You are on a skateboard of mass 5.00kg with a ball in hands (mass of the ball is 600kg). You throw the ball forward horizontally and find that you recoil back with 2.0m/s. What is the forward speed of the ball? (Use your own mass where needed).

Assume there is no friction and use conservation of total momentum.

M1 = skateboard mass
M2 = your mass
M3 = ball's mass
Vr = recoil velocity
Vb = ball velocity
(M1 + M2) Vr + M3 Vb = 0
Vr = -[M3/(M1 + M2)]*Vb
Plug in your numbers. Vr is negative because the recoil is in the opposite direction

To find the forward speed of the ball, we can apply the principle of conservation of momentum. According to this principle, the total momentum before throwing the ball should be equal to the total momentum after throwing the ball.

The momentum of an object is given by the product of its mass and velocity.
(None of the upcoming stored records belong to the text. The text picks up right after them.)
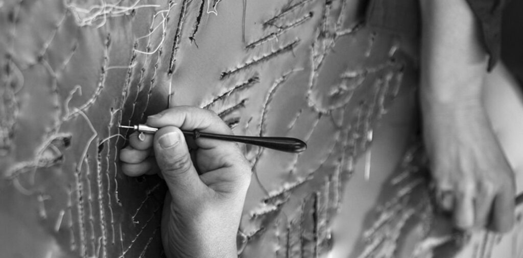 Diplômée de broderie d’art, j’intègre en juin 1979 la plus grande maison de broderie haute couture de Paris : LESAGE. Ma passion et mon sérieux me conduisent à devenir 1ère d’atelier dès 1985.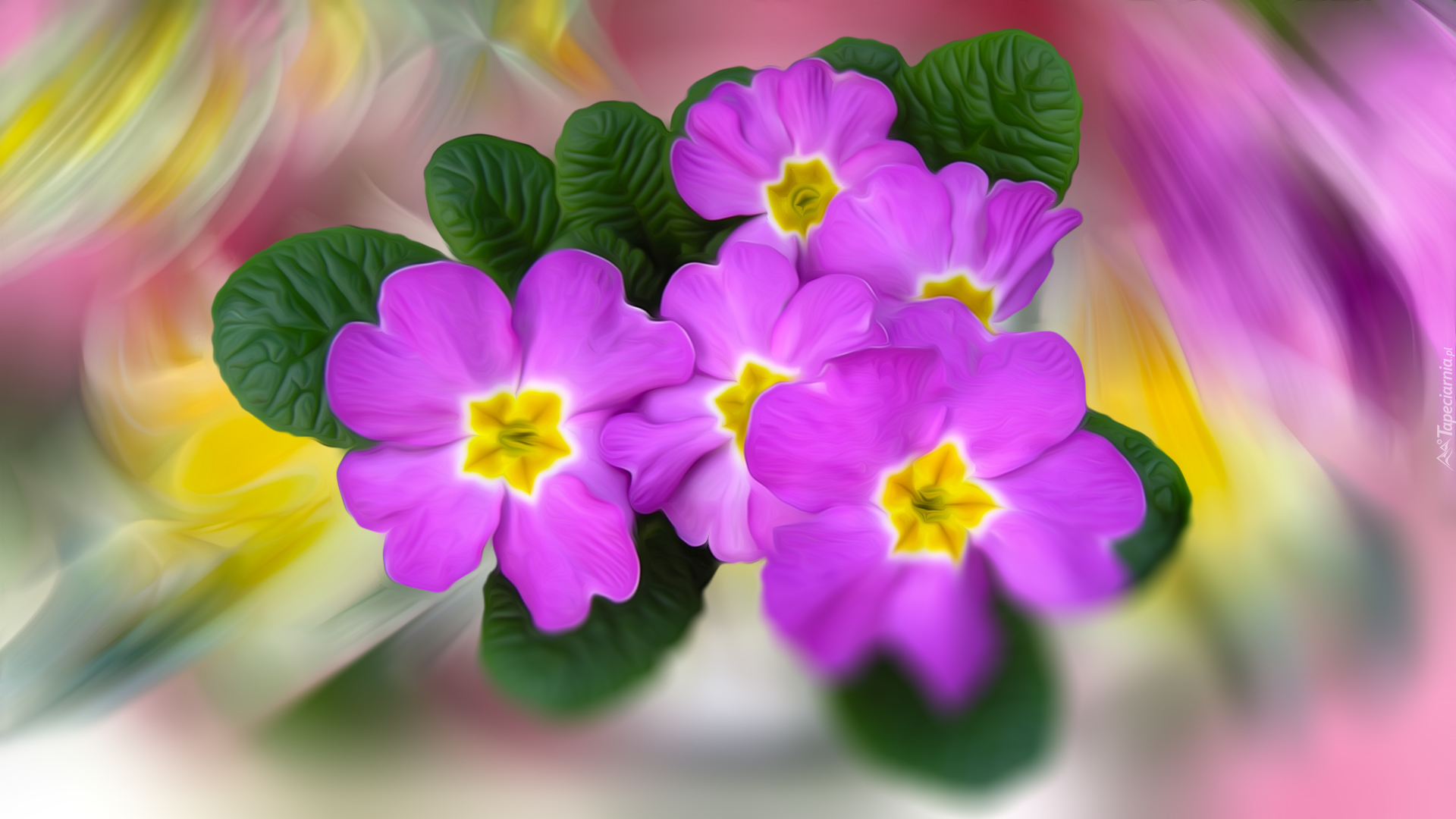 Edytor tapety: Bukiecik pierwiosnków w grafice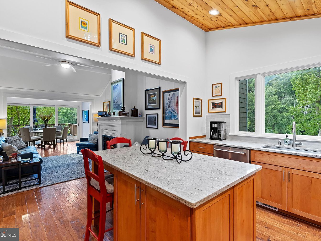 A spacious kitchen featuring a prominent island made from polished stone with sleek cabinetry. The warm wooden tones from the island contrast beautifully with the light gray countertops. Red bar stools add a pop of color, while the walls are adorned with framed artwork, enhancing the aesthetic appeal. Large windows allow natural light to flood the space, offering views of the lush greenery outside. The ceiling is accented with natural wood planks, creating a cozy, inviting atmosphere. Light hardwood flooring enhances the brightness of the kitchen and connects it seamlessly with the adjacent living area.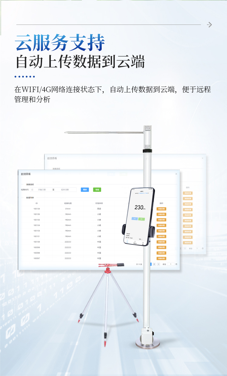 10、广泛应用性 - 最大测量高度可达3米,适用于大多数类型的农作物株高测量需求。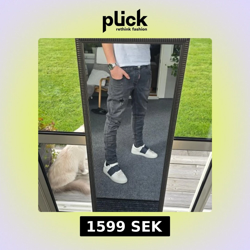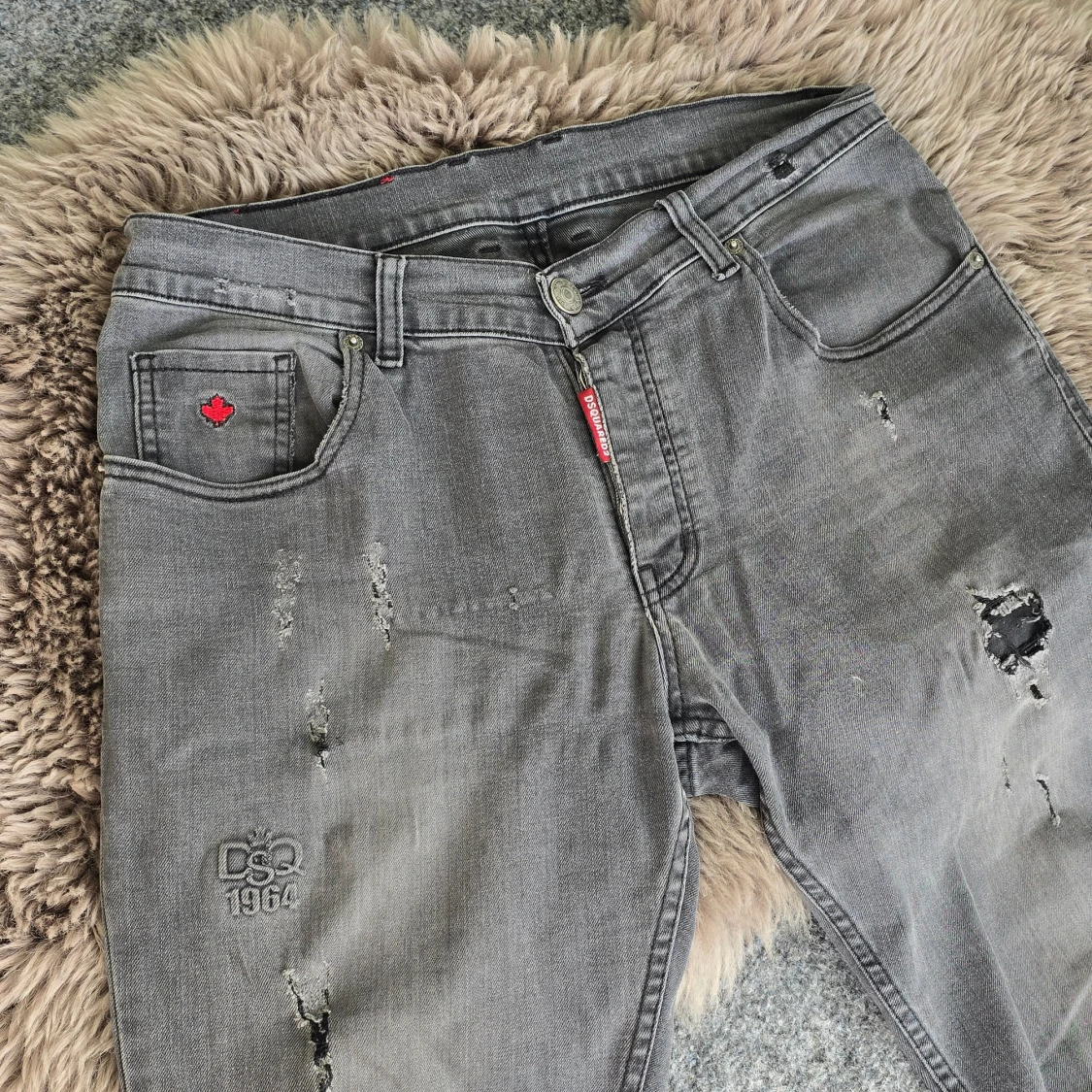 Gråa Dsquared2 jeans i storlek 32. Väldigt billigt pris om man jämför med vad de kostar nya. Observera att lappen bak har lossnat lite i ena hörnet, dock inget som syns när man har på sig dem! 🤩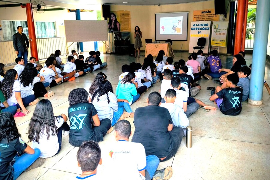 Por meio do programa "Defensoria Pública nas Escolas", a Defensoria Pública do Estado do Tocantins (DPE-TO) esteve na Escola Municipal Sávia Fernandes Jácomo, em Palmas, para conversar com estudantes sobre violência doméstica e o combate ao racismo. A atividade reuniu 74 alunos do 7º ano do Ensino Fundamental.
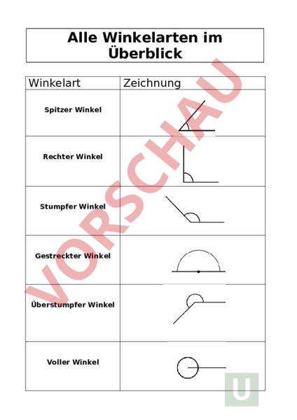 Winkelarten: Spitz, recht, stumpf, gestreckt, überstumpf, voll

Therefore, the momentum before throwing the ball can be calculated by adding the momenta of the skateboard and the ball.

Let's assume the forward speed of the ball after being thrown is "v" m/s. As we're also given that the skateboard recoils back with a velocity of 2.0 m/s, we can calculate its velocity as well.
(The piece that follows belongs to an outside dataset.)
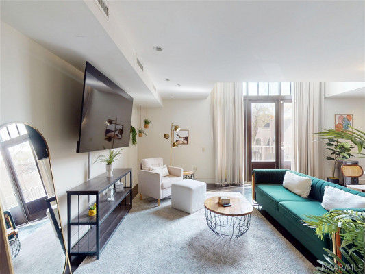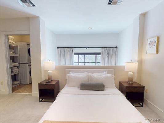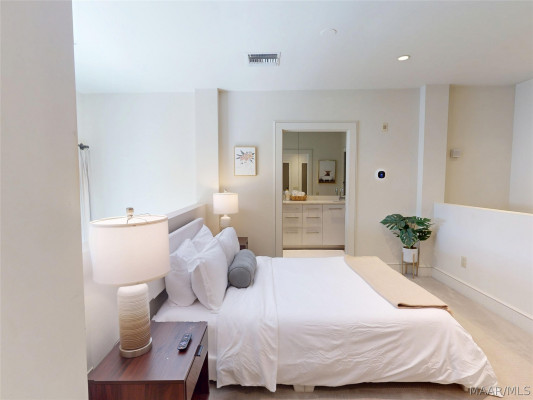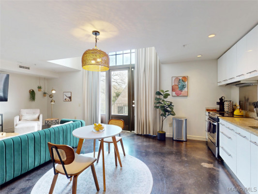 Your chance to own a modern A&P Loft AND turnkey short-term/midterm/longterm rental business. All furniture, appliances, programmable thermostat, and schlage lock are included! This unit designed by McAlpine Tankersley Architecture features an open living area on the first floor with stained concrete floor. As well as a half bath, kitchen, dining area, and great views from the balcony. The kitchen has custom cabinets with lots of storage, stainless steel appliances, Black Facet, and marble countertops. The dining area sits right in the middle and offers a cozy area to work or eat, while soaking in the great light from 20′ window. Upstairs, you’ll find a carpeted bedroom with double closets that are extra large and the the laundry room. The full primary bathroom with custom cabinets, dual sinks, and marble countertops is spa-like. The A&P Lofts feature on-site shops, dining, and entertainment. A great lifestyle and location!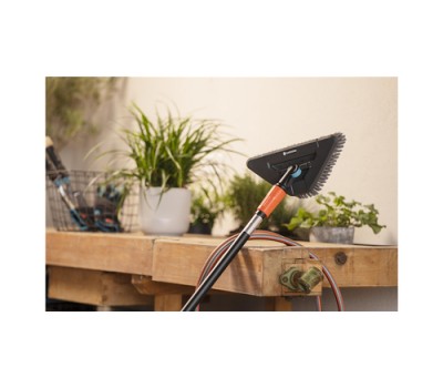 The GARDENA Cleansystem Handle Brush soft flex for gentle cleaning of larger hard-to-reach areas such as greenhouses or a conservatory roof.

To apply the conservation of momentum, we need to calculate the momenta before and after throwing the ball.

Before throwing the ball:
Momentum of skateboard = mass of skateboard × velocity of skateboard = (5.00 kg) × (0 m/s) = 0 kg⋅m/s
Momentum of ball = mass of ball × velocity of ball = (600 kg) × (0 m/s) = 0 kg⋅m/s

Total momentum before = Momentum of skateboard + Momentum of ball = 0 kg⋅m/s + 0 kg⋅m/s = 0 kg⋅m/s

After throwing the ball:
Momentum of skateboard = mass of skateboard × velocity of skateboard = (5.00 kg) × (-2.0 m/s) = -10.00 kg⋅m/s (negative due to the opposite direction)
Momentum of ball = mass of ball × velocity of ball = (600 kg) × (v m/s)

Total momentum after = Momentum of skateboard + Momentum of ball = -10.00 kg⋅m/s + (600 kg) × (v m/s)

According to the conservation of momentum, the total momentum before throwing the ball is equal to the total momentum after throwing the ball. Therefore:

0 kg⋅m/s = -10.00 kg⋅m/s + (600 kg) × (v m/s)

Simplifying the equation:

10.00 kg⋅m/s = 600 kg × v m/s

Dividing both sides by 600 kg:

10.00 kg⋅m/s ÷ 600 kg = v m/s

v ≈ 0.017 m/s

Therefore, the forward speed of the ball after being thrown is approximately 0.017 m/s.